Saturday 13 September 2014

Ready For Love

"Are you ready for love?"

It was one of the questions I got asked during the recent interview for the Chilean documentary. I answered it positively, saying that, yes, I am open to experiencing love, even though I also know very well the hazards of exposing oneself in a relationship.

It's a funny question in many ways, though. First of all because it asks you about something undefinable: 'love'. Sure, you can just say that it's affection for someone, strongly enough that you'd want to spend the rest of your life with that person, but that just as well describes friendship. The difference would have to be the complete and total intertwining of your own life with that of another person, which brings us again back to the undefinable something called 'love'.

If love is supposed to be complete and utter infatuation (or milder variants thereof), then I would have to respond that no, I am most likely not even capable of such a thing. Not easily at least. Against the background of decades of loneliness, being an outcast, struggling for recognition, not to mention the sexual and physical abuse and the general harassment, I know that I have the fundamental issue of being unable to trust people in any way, form or shape. I hope that I can trust people, but I know that the average person will easily stab me in the back and forget about me. Or just forget about me without further ado.

I know that I am capable of caring about and for others, much as I took care of the girl I used to live together with for a number of months. Until it turned out that I had been utterly naive in ignoring my own misgivings and those of my mother. Months of physical and mental abuse culminated in me fleeing for my life and losing almost everything I owned.

How to trust people when so many have betrayed you? How do you know whether you can trust someone?

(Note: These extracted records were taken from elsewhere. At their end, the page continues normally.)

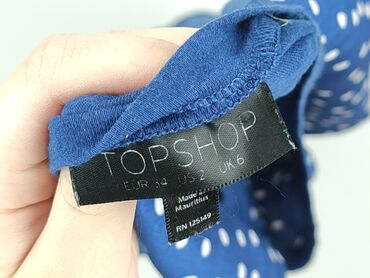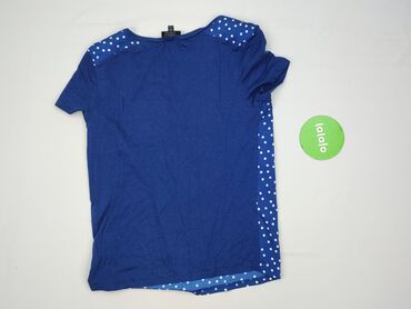Bluzka damska w groszki - Fason: lekko taliowany T‑shirt z krótkim rękawem, okrągły dekolt z delikatną zakładką z przodu - Wzór: drobne granatowe kropki na białym tle - Materiał: 95% poliester, 5%...
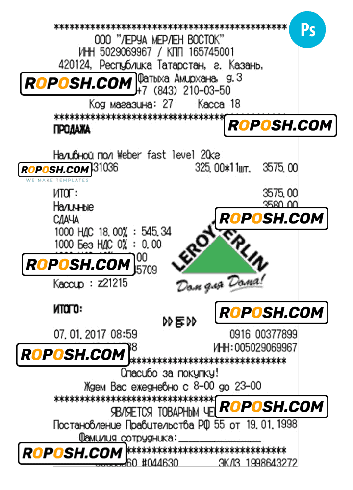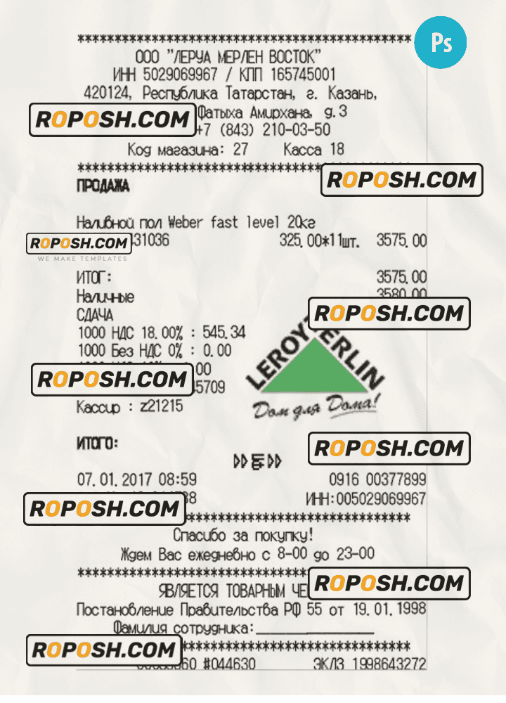 Features Editable LEROY MERLIN Receipt PSD Template :
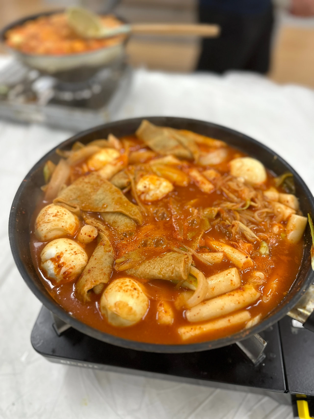 “자 냄비에 양배추, 파, 떡, 어묵, 쫄면과 고추장, 고춧가루, 설탕, 간장, 마늘 그리고 물엿으로 만든 양념장을 넣는다. 그리고 끓여줍니다. 이것이 즉석떡볶이야.”
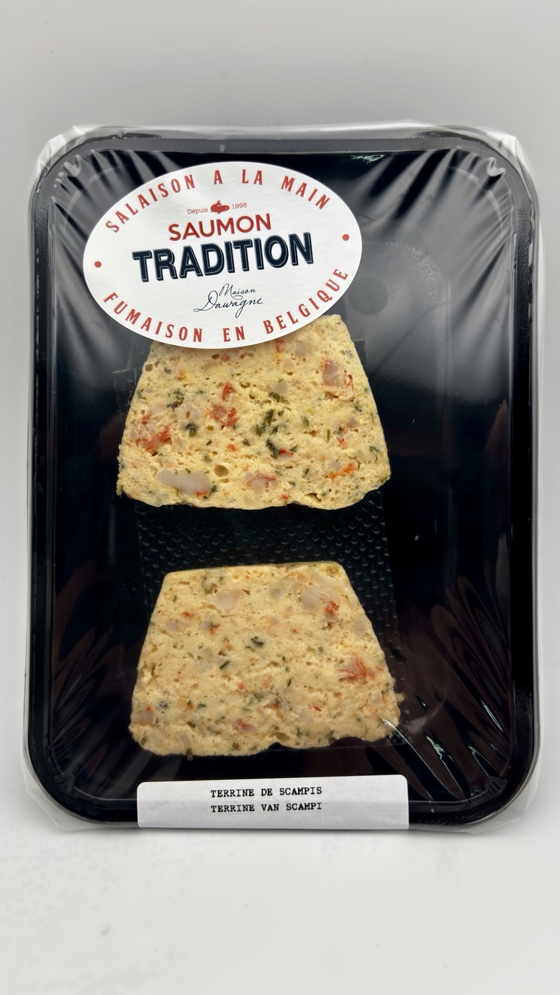 Terrine de scampis7,50€ quantité de Terrine de scampis Ajouter au panier Catégorie : LES PLATS PREPARES MAISON Description Terrine de scampis onctueuse, délicatement parfumée aux herbes, à savourer froide en entrée. Prix : 7,50€ Produits apparentés Gambas cuites 6pc 9,90€ Ajouter au panier Ravioles de noix de Saint-Jacques aux petits légumes 17,50€ Ajouter au panier Terrine de Saumon 7,50€ Ajouter au panier Quiche Lorraine 7,50€ Ajouter au panier
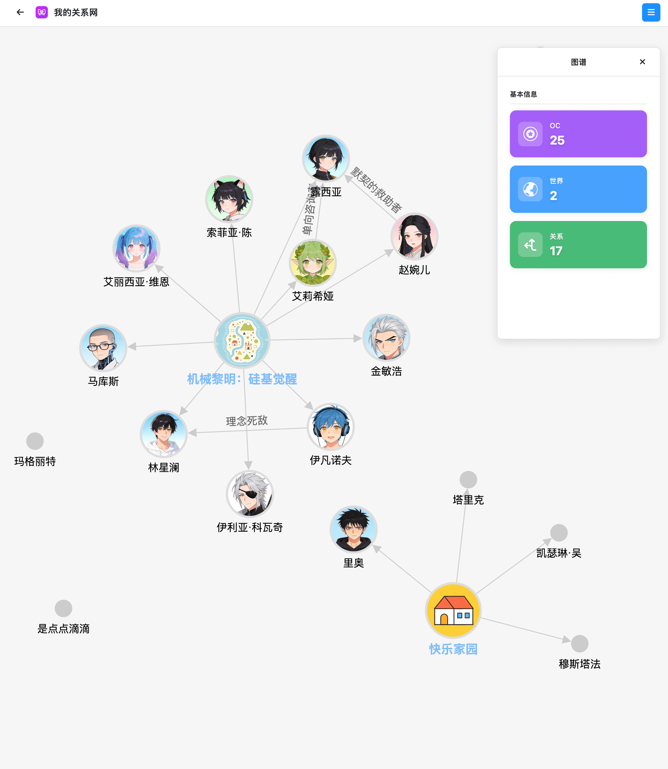 不同于NRD Studio的关系图,MuseOC中每个OC属于项目级别的对象,扁平化管理,各个OC项目之间均能建立关系。

Then there's the whole dating process, i.e. the process of finding a partner (or mate, depending on your view). Generally people are guided by their genes there, with some involvement from their upbringing, spotting a mate, fussing about it, starting the whole awkward dating process, culminating in success or failure. For someone like me whose intellect tends to trump genetic programming, the only way to go about this is to provide a reasoning for why a particular individual would be a compatible partner. At least at this point.

My intellect has been this fortress against the evils of this world, becoming stronger and ever more effective with every strike against my emotional side. If my experiences with intimacy earlier this year are anything to judge by, then this transformation is almost complete already, as I really don't feel anything any more. I can feel my emotional side craving for love and a caring touch, but the forbidding walls erected by my mind in self-defence do not allow such dangerous excursions any more.

In the end it seems that I am not ready for love, yet also completely ready. It's a complete catch-22 as on one hand I crave nothing more than to spend my life with someone I care about more than anything in this world, while at the same time I know that these dark, forbidding defences after decades of trauma make such a thing a laughably tragic undertaking.

If I got medical help with my intersex condition, if I somehow managed to not feel threatened and panicked all the time, if my PTSD and DID didn't rule my life, then maybe, just maybe it could happen.

Truly a fool's errand, it seems.


Maya

2 comments:

Joshua S. Robinson said...

Rest assured there are those of us who will never forget you, Maya. Even though I only know you from reading your blog, you have had a profound effect on my life. You've opened my eyes to something I didn't even know existed, and given me a new insight into what it means to be unique. You reach out and help others, and you let us in by telling your story. Maybe it's not romance, but it's a kind of love. Maybe it's little comfort in light of all you've suffered, but this world is better because you're in it.

Elizabeth Donavan said...

Hello Maya,

I totally agree about being treated less than human. I have moved in with one friend who drained me financially and then kicked me out, and then I moved in with a female friend who I came out to about my intersexed condition, and at first things were OK, and then later she began the same patterns of emotional and financial abuse.

Yes, it makes it extremely difficult to trust others because of this. I am what I am, and I am not going back to binding my chest and wearing a sock in my pants. I am not male, and never have been completely. I am more female than male, and that is how I present myself.

As far as relationships go, I think it has to be between equals, as there is something to be said for shared experience. And the intersexed experience is something that most cannot even imagine. I am in my 50's now, and expect to die alone with perhaps my papers to remember me by. Do I expect a relationship? NO, I am free of that illusion. It is a cold comfort, but perhaps better than none at all.